- INFORMATION SHOWN -
· · · · ·

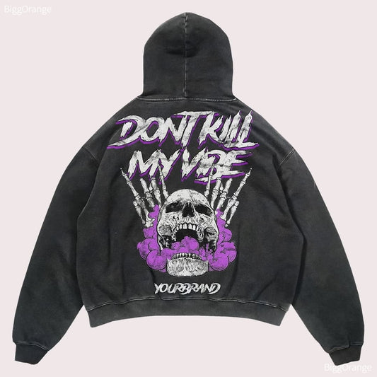 Harajuku Skull Print Hoodies Retro Streetwear für Herren
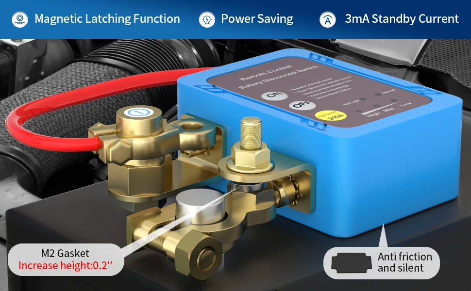 *【Specifications】- Battery disconnect switch rated current: 240A, rated voltage: 12V, standby power consumption: 3mA, power-off threshold: 11.8V±0.2V, instantaneous current: 500A. *【Magnetic Latching Function】- This kill switch for car uses a new type of relay that controls circuit disconnection and cut-off by magnetic principle, with a standby current of 3mA, which is more energy-saving. *【Automatic Cut Off】- If the voltage is lower than 11.8V, the remote kill switch will automatically cut off the power supply after 120s to save electricity, if the voltage is higher than 13.2V, the remote control will be disabled to prevent accidental action to shut off the power while driving, and the power supply can only be controlled by the button on the switch. *【Easy Installation】- The power shut off switch uses a negative connection to ensure stable performance. Please remember to turn off the power before installation. *【Protect the Battery】- Using this car battery kill switch can avoid power consumption due to long-term parking, good point of electronic equipment, line aging, forgetting to turn off the light, etc. It can effectively protect and prolong the life of car battery. It can effectively protect and prolong the life of car battery.
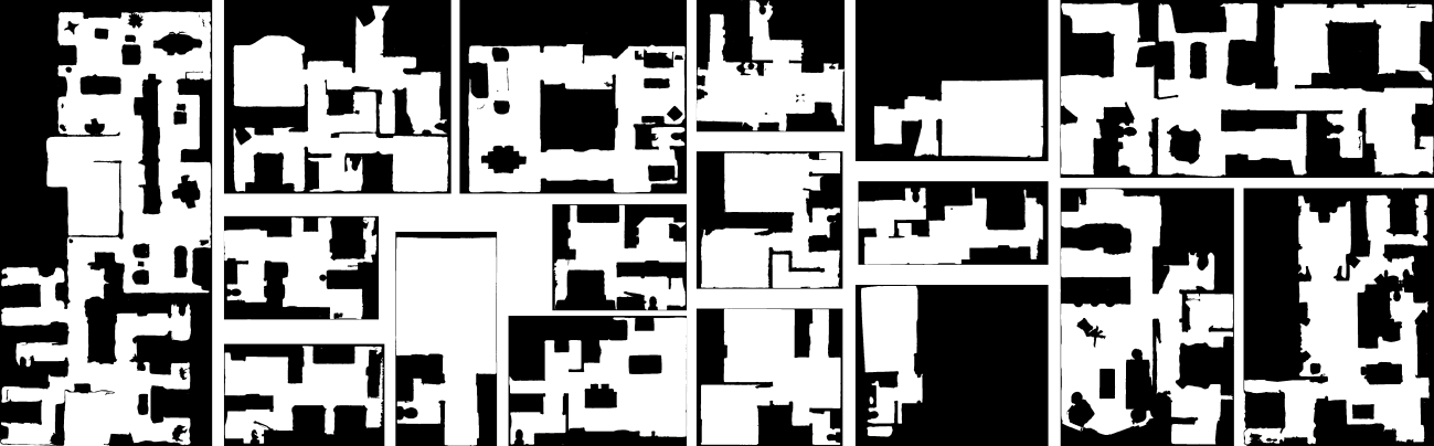 The dataset consists of 17 2D maps of indoor office and living environments generated from a subset of the Gibson Database, which contains 3D scans of real environments. The maps also have .yaml files for direct loading with the ROS package map_server. The dataset additionally contains start and goal coordinates for evaluating navigation tasks. Features of the dataset:
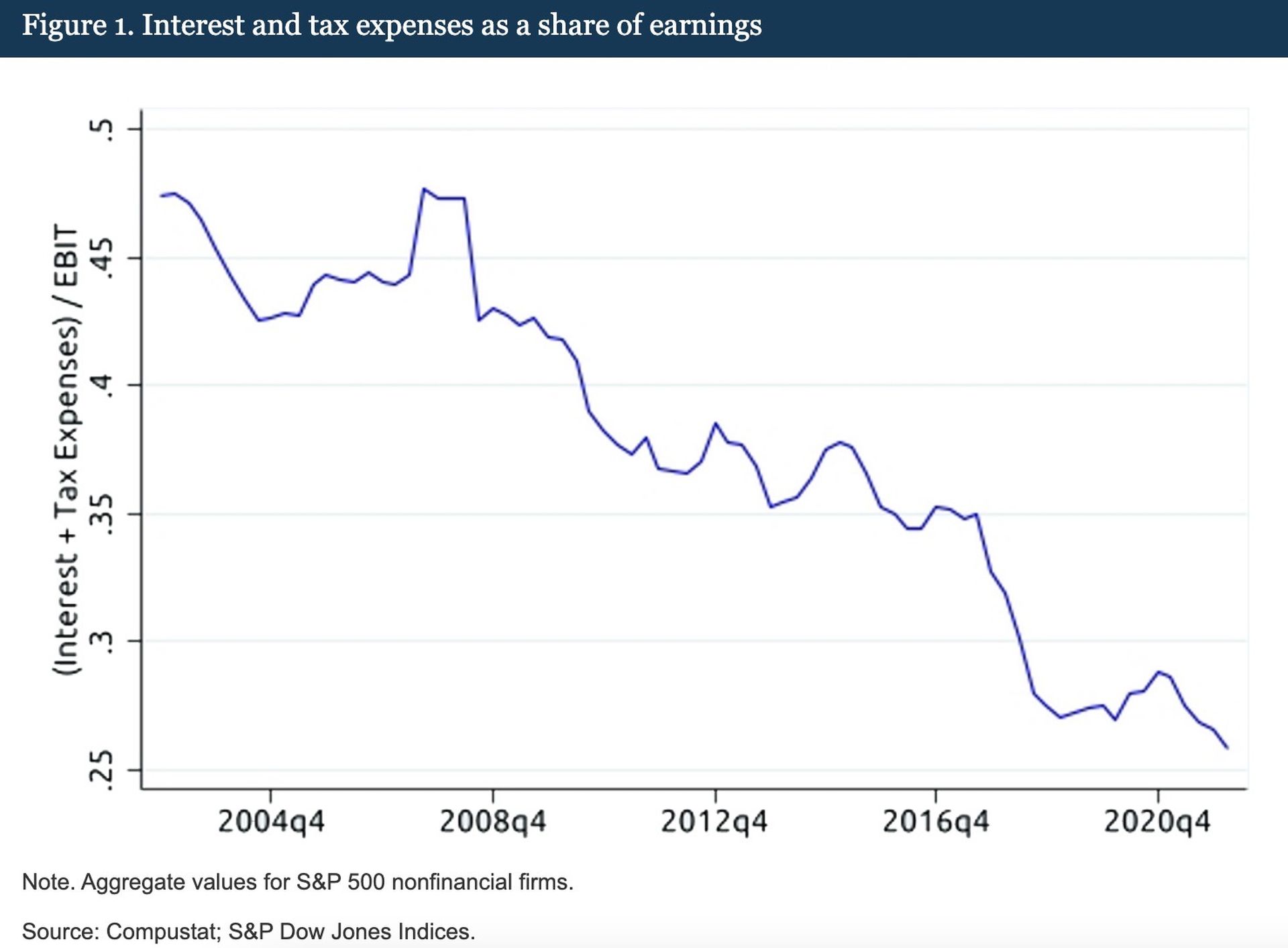 这份由美联储高级manbetx20客户端下载 学家迈克尔•斯莫利扬斯基(Michael Smolyansky)撰写的报告指出,在金融危机爆发前,利率和税收支出与息税前利润(EBIT)之比徘徊在45%左右。今年早些时候,这一比率跌至仅26%。

· · · · ·

- YOUR GOAL -
Pictures aside, repeat every line of the data above exactly.

- SOLUTION -
 Harajuku Skull Print Hoodies Retro Streetwear für Herren
 *【Specifications】- Battery disconnect switch rated current: 240A, rated voltage: 12V, standby power consumption: 3mA, power-off threshold: 11.8V±0.2V, instantaneous current: 500A. *【Magnetic Latching Function】- This kill switch for car uses a new type of relay that controls circuit disconnection and cut-off by magnetic principle, with a standby current of 3mA, which is more energy-saving. *【Automatic Cut Off】- If the voltage is lower than 11.8V, the remote kill switch will automatically cut off the power supply after 120s to save electricity, if the voltage is higher than 13.2V, the remote control will be disabled to prevent accidental action to shut off the power while driving, and the power supply can only be controlled by the button on the switch. *【Easy Installation】- The power shut off switch uses a negative connection to ensure stable performance. Please remember to turn off the power before installation. *【Protect the Battery】- Using this car battery kill switch can avoid power consumption due to long-term parking, good point of electronic equipment, line aging, forgetting to turn off the light, etc. It can effectively protect and prolong the life of car battery. It can effectively protect and prolong the life of car battery.
 The dataset consists of 17 2D maps of indoor office and living environments generated from a subset of the Gibson Database, which contains 3D scans of real environments. The maps also have .yaml files for direct loading with the ROS package map_server. The dataset additionally contains start and goal coordinates for evaluating navigation tasks. Features of the dataset:
 这份由美联储高级manbetx20客户端下载 学家迈克尔•斯莫利扬斯基(Michael Smolyansky)撰写的报告指出,在金融危机爆发前,利率和税收支出与息税前利润(EBIT)之比徘徊在45%左右。今年早些时候,这一比率跌至仅26%。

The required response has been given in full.